▸ What to do: Retype the data below exactly, skipping pictures.

Information supplied START

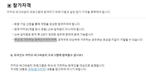 한 독일 프로그래머가 링크 하나로 계정을 훔칠 수 있는 카카오톡의 취약점을 발견해 제보했으나, 외국인이라 취약점 보상을 받을 수 없었다고 밝히며 카카오 등 기술기업들이 운영하는 '버그바운티' 제도가 누리꾼들에게 주목받고 있다.
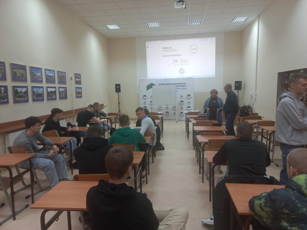 W dniu 16.12.2025r. odbyło się spotkanie ewaluacyjne z wyjazdu uczniów z Zespołu Szkół Technicznych i Ogólnokształcących Nr 4 im. Marii Skłodowskiej-Curie w Łomży do Hiszpanii na staże zagraniczne w ramach przedsięwzięcia Gastrobuild o numerze 2024-1-PL01-KA122-VET-000234669 współfinansowanego przez Unię Europejską ze środków Europejskiego Funduszu Społecznego+ w Programie Fundusze Europejskie dla Rozwoju Społecznego 2021-2027 realizowanego na zasadach Programu Erasmus+.
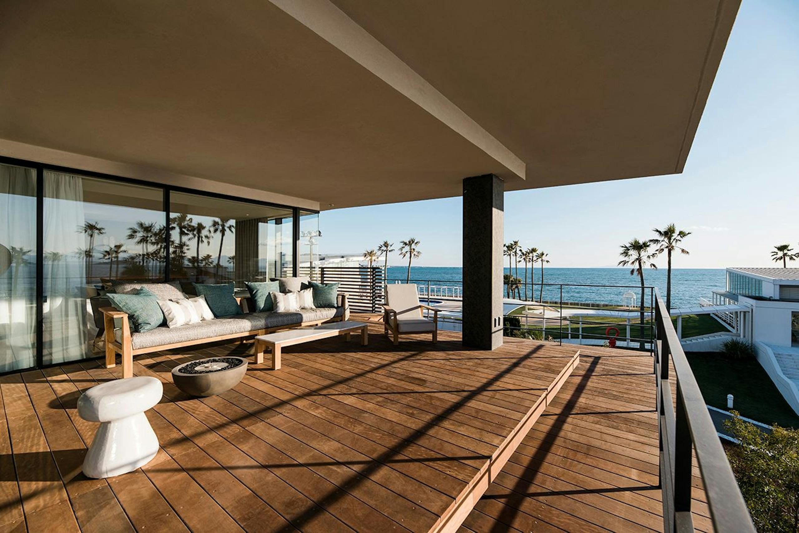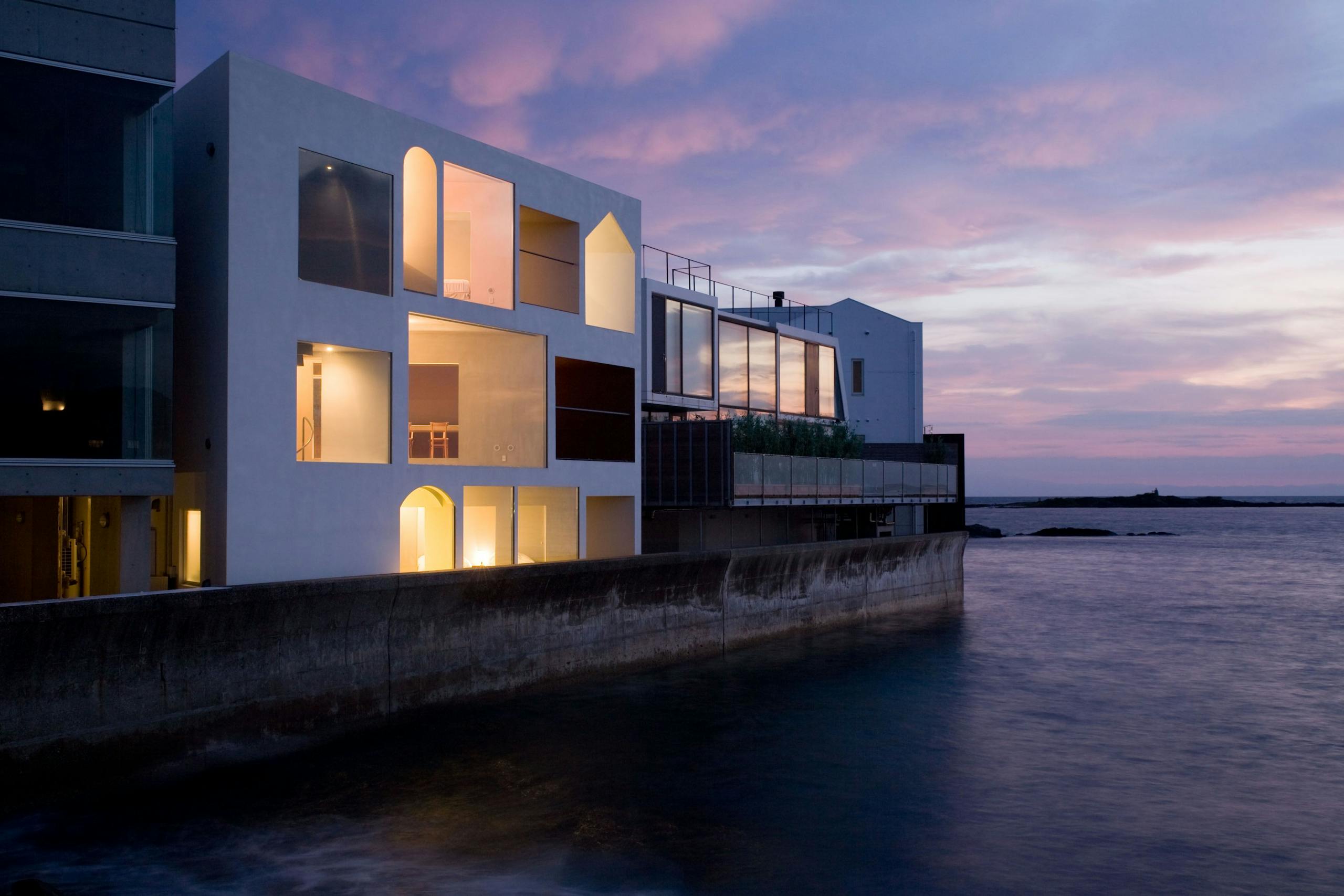 湘南・佐島の貸別荘「Nowhere but Sajima」は全室オーシャンビューで海を間近に感じられる迫力があり、リビングには国内で作れる最大サイズの窓が開放的な空間を演出します。

Information supplied END

▸ Response:
 한 독일 프로그래머가 링크 하나로 계정을 훔칠 수 있는 카카오톡의 취약점을 발견해 제보했으나, 외국인이라 취약점 보상을 받을 수 없었다고 밝히며 카카오 등 기술기업들이 운영하는 '버그바운티' 제도가 누리꾼들에게 주목받고 있다.
 W dniu 16.12.2025r. odbyło się spotkanie ewaluacyjne z wyjazdu uczniów z Zespołu Szkół Technicznych i Ogólnokształcących Nr 4 im. Marii Skłodowskiej-Curie w Łomży do Hiszpanii na staże zagraniczne w ramach przedsięwzięcia Gastrobuild o numerze 2024-1-PL01-KA122-VET-000234669 współfinansowanego przez Unię Europejską ze środków Europejskiego Funduszu Społecznego+ w Programie Fundusze Europejskie dla Rozwoju Społecznego 2021-2027 realizowanego na zasadach Programu Erasmus+.
 湘南・佐島の貸別荘「Nowhere but Sajima」は全室オーシャンビューで海を間近に感じられる迫力があり、リビングには国内で作れる最大サイズの窓が開放的な空間を演出します。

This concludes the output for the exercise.